For a pair (X, Y) with joint density f(x, y), the conditional distribution of Y given X=x: f_{Y|X}(y|x) = f(x, y)/f_X(x). Conditional expectation E[Y|X=x] = ∫ y·f_{Y|X}(y|x) dy — is a function of x. Law of total expectation: E[Y] = E[E[Y|X]] = ∫ E[Y|X=x]·f_X(x) dx.

Covariance matrix for a vector X=(X₁,...,Xₙ): Σ_{ij} = Cov(Xᵢ, Xⱼ) = E[XᵢXⱼ] − E[Xᵢ]E[Xⱼ]. Positive semi-definite. For linear transformations Y=AX: Cov(Y) = A·Cov(X)·Aᵀ. Decorrelation: if Σ = PΛPᵀ (eigen-decomposition), then Y = P⁻¹X has diagonal covariance — “principal components” (PCA).

Linear predictor: The optimal linear predictor of Y through X: Ŷ = E[Y] + Cov(Y, X)/Var[X]·(X − E[X]). The residual Y − Ŷ is uncorrelated with X. For the bivariate normal, this coincides with conditional E[Y|X] — in the normal case the nonlinear conditional expectation equals the linear one.

Simulation of Multivariate Distributions

Cholesky Method: To generate X ~ Nₖ(μ, Σ): find the Cholesky decomposition Σ = LLᵀ. Generate Z = (Z₁,...,Zₖ)ᵀ i.i.d. ~ N(0, 1). Then X = μ + LZ ~ Nₖ(μ, Σ).
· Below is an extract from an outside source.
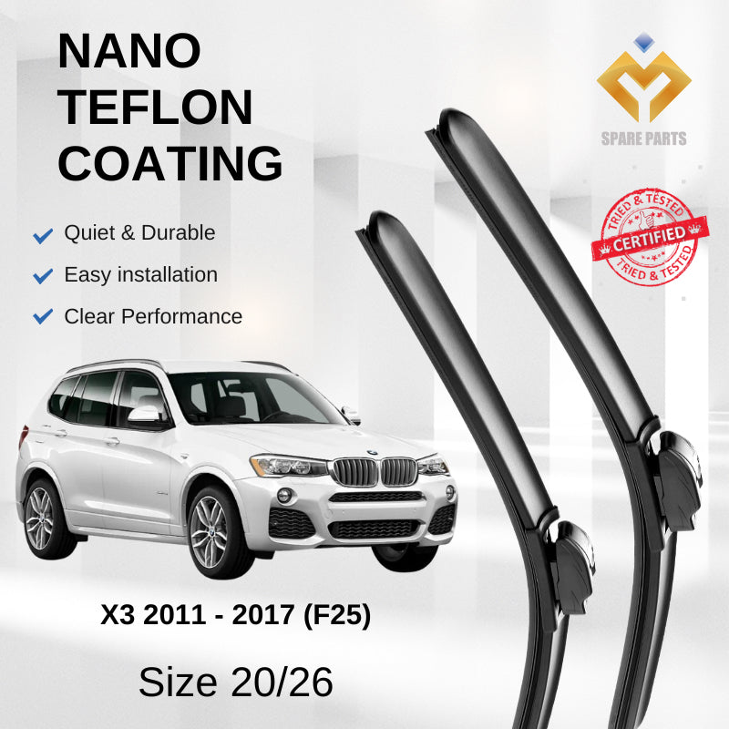 BMW X3 2011-2017 F25 Premium Quality Japan Tech Car Wiper 1set 20"+26" Type 03 Clip-Includes Free Microfibre Cloth!

The method works for any positive definite Σ.

Generation from copulas: (1) Generate (U₁,...,Uₖ) from copula C. (2) Apply inverse marginal CDFs: Xᵢ = Fᵢ⁻¹(Uᵢ). For the Gaussian copula: (1) generate Z ~ Nₖ(0, R), where R is the correlation matrix; (2) Uᵢ = Φ(Zᵢ); (3) Xᵢ = Fᵢ⁻¹(Uᵢ). Clayton copula: algorithm via conditional distribution (Gamma mixing representation).

Test for multivariate normality: Mahalanobis distances dᵢ² = (xᵢ−x̄)ᵀΣ⁻¹(xᵢ−x̄) should be approximately chi-square distributed with k degrees of freedom. QQ-plot of dᵢ² against χ²(k) quantiles — standard diagnostic.

Numerical Example: Conditional Distribution in Bivariate Normal

Problem: X₁~~N(0,1), X₂~~N(0,1), ρ=Corr(X₁, X₂)=0.7. Find E[X₂|X₁=2] and P(X₂>2|X₁=2).

Step 1: Conditional mean: E[X₂|X₁=x₁] = μ₂ + ρ·(σ₂/σ₁)·(x₁−μ₁) = 0 + 0.7·1·(2−0) = 1.4.

Step 2: Conditional variance: Var[X₂|X₁] = σ₂²·(1−ρ²) = 1·(1−0.49) = 0.51, σ ≈ 0.714.

Step 3: P(X₂>2|X₁=2) = P(Z > (2−1.4)/0.714) = P(Z > 0.840) = 1−Φ(0.840) ≈ 1−0.7995 = 0.200.

Step 4: Without conditioning, P(X₂>2) = P(Z>2) ≈ 0.023. Knowing X₁=2 increased the probability from 2.3% to 20% — an illustration of the power of the joint normal distribution.